5. The method of claim 4, wherein the searching for an idle bandwidth resource to allocate to the UE according to the priority of the UE and the bandwidth type corresponding to the UE comprises:

allocating idle frequency band resources in a reserved frequency band to the high-power edge UE;

after the frequency band resource of the high-power edge UE is allocated, allocating idle frequency band resources in a reserved frequency band and edge frequency band resources to the high-power center UE;

after the frequency band resource of the high-power center UE is allocated, allocating the spare frequency band resource in the reserved frequency band and the edge frequency band to the LTE standard power edge UE;

after allocating the band resources of the LTE standard power edge UE, allocating free band resources in a reserved band, an edge band and a center band to the LTE standard power center UE.
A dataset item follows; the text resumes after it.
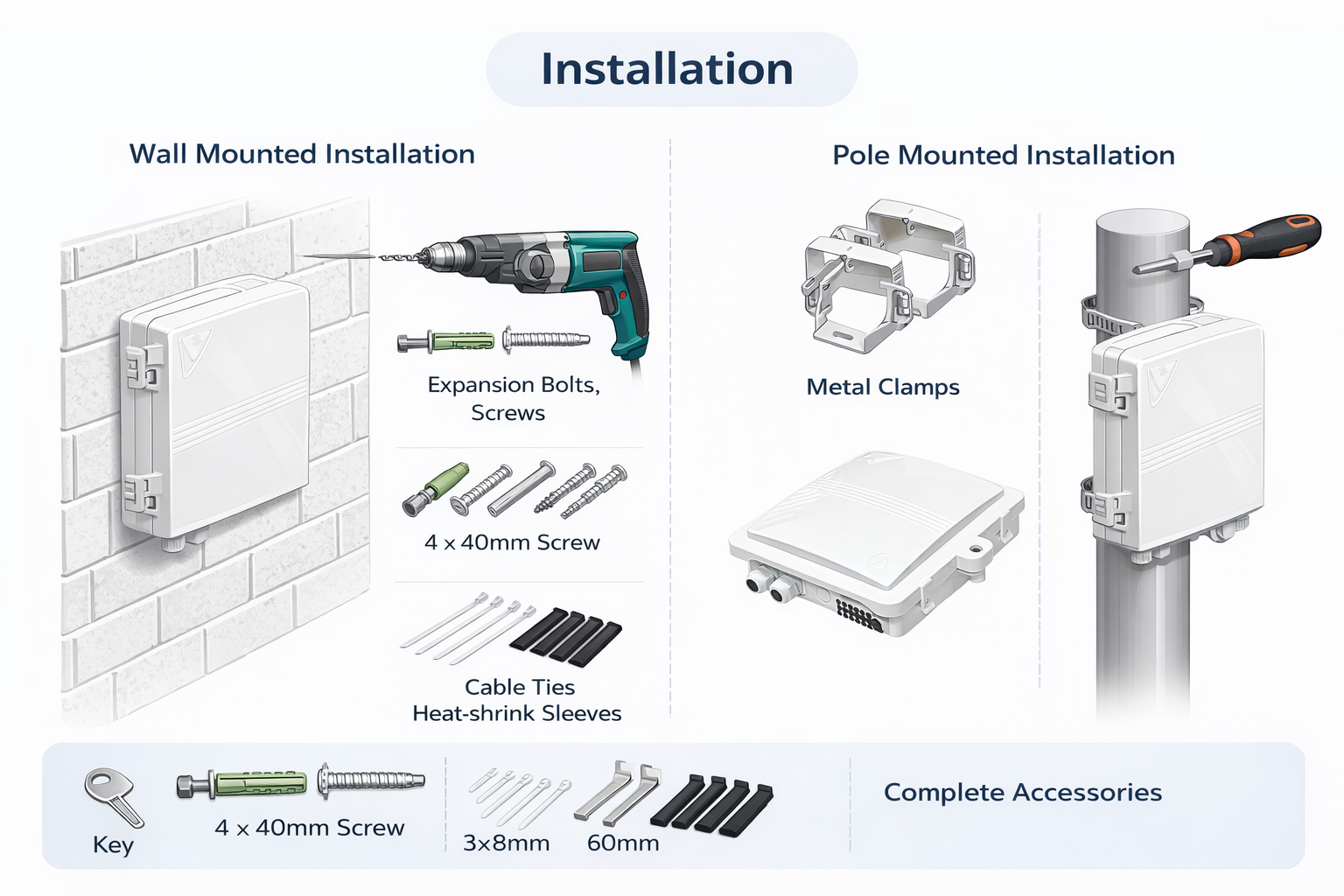 ออกแบบมาสำหรับงานติดตั้งภายนอกอาคาร (Outdoor) โดยเฉพาะ ตัวกล่องผลิตจากวัสดุคุณภาพสูง แข็งแรง ทนแดด ทนฝน และป้องกันน้ำได้ดี เหมาะสำหรับระบบ FTTH / FTTx / Fiber Network ช่วยจัดระเบียบสายไฟเบอร์ให้เรียบร้อย ปลอดภัย และดูเป็นมืออาชีพ

6. A base station, comprising:

the frequency band dividing unit is used for dividing the full frequency band of the cell according to the preset frequency band type;

a message receiving unit, configured to receive a message carrying UE power type information and reported by a UE in a local cell, the message carrying reference signal received power RSRP in the local cell_serviceInformation message and Reference Signal Received Power (RSRP) carrying adjacent cell_neighborA message of information; wherein the UE power types include: high power and LTE standard power;

a UE type determining unit for determining the UE power type information and RSRP received by the message receiving unit_serviceInformation and RSRP_neighborInformation, determining a type of the UE; is particularly used for judging the RSRP_serviceAnd the RSRP_neighborWhether the difference is greater than a preset edge UE judgment threshold RSRP _ thresh or not; if so, determining that the UE is an edge UE; otherwise, determining the UE as the central UE; wherein the type of the UE comprises: the system comprises a high-power edge UE, a high-power center UE, an LTE standard power edge UE and an LTE standard power center UE;

a band type determining unit, configured to determine a band type corresponding to the UE according to the UE type determined by the UE type determining unit; specifically, if the UE is a high-power edge UE, determining that a frequency band type corresponding to the UE is a reserved frequency band; if the UE is a high-power center UE, determining the frequency band type corresponding to the UE as a reserved frequency band and an edge frequency band; if the UE is LTE standard power edge UE, determining that the frequency band type corresponding to the UE is a reserved frequency band and an edge frequency band; if the UE is an LTE standard power center UE, determining that the frequency band types corresponding to the UE are a reserved frequency band, an edge frequency band and a central frequency band;

and the frequency band resource allocation unit is used for searching the idle frequency band resource to allocate to the UE according to the frequency band type corresponding to the UE determined by the frequency band type determination unit.

7. The base station of claim 6, wherein the frequency band dividing unit is specifically configured to divide a full frequency band of the local cell into a reserved frequency band, an edge frequency band, a center frequency band, and a forbidden frequency band.